In “New Bases of Competitive Advantage,” we argued that increased turbulence in the business environment has invalidated an implicit and critical assumption of classical business strategy: that competition is sufficiently stable and predictable for the basis of competitive advantage to be readily determined. Traditional approaches to strategic planning become futile in a world in which the key variables are constantly shifting and difficult to forecast.

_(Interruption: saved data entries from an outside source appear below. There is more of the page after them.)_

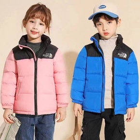 女童羽绒服2022男童拼色连帽中大童宝宝洋气保暖白鸭绒羽绒服外套
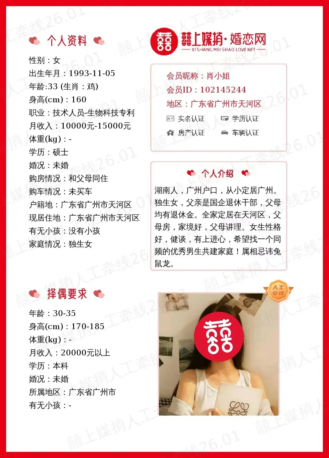 这位广州天河区的生物科技专利师(33岁/硕士/月入1.5W+)的择偶标准,展现了高知女性理性与感性的完美平衡:
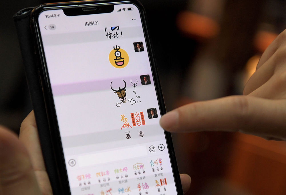 清華大學(xué)美術(shù)學(xué)院教授陳楠在位于清華大學(xué)的工作室內(nèi)展示他設(shè)計發(fā)布的甲骨文表情包(2019年9月24日攝)。新華社記者 李安 攝
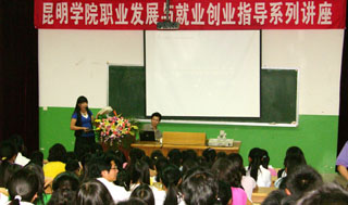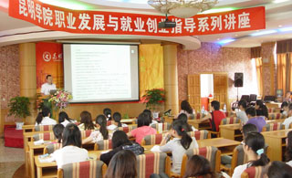 6月11日下午,在龙泉路校区阶梯教室同时由招就处举办了我院“职业发展与就业创业指导”系列讲座第七讲。本次讲座邀请了我院“大学生职业发展高级指导师”、昆明阿拉丁文化传播有限公司董事长李源女士作题为《梦想创造幸福人生》的演讲,就业创业指导中心主任叶伟翔老师主持了报告会。

We can distinguish three important dimensions of turbulence: volatility in market positions, unpredictability of outcomes, and the widening gap in performance between winners and losers. Most industries have experienced instability on at least one of these dimensions, but some—such as technology-driven industries and commercial banking—have been affected on all three. The hardest-hit industries are those that have been disproportionately affected by globalization, deregulation, digitalization, connectivity, deconstruction, and the shift from products to services.
Most companies, and especially those in industries characterized by both unpredictability and a high rate of change, need a more adaptive and dynamic approach to strategy—an approach that emphasizes iterative experimentation in order to overcome the limitations of deductive approaches and keep pace with incessant change.
With such an approach, organizations gain adaptive advantage: the ability to achieve superior outcomes in a turbulent environment by continuously reshaping the enterprise through a process of managed evolution. In this article, we explain how adaptive advantage can be harnessed in practice.
Three attributes are essential for survival in a changing environment: readiness, responsiveness, and resilience. They can be achieved by static measures such as improved forecasting, decentralized decision-making, and buffering with excess capacity, respectively. However, to gain a sustainable advantage in a turbulent environment, companies must employ a more dynamic, recursive approach in which better-fitting strategies continuously evolve in response to change. (See Exhibit 1.)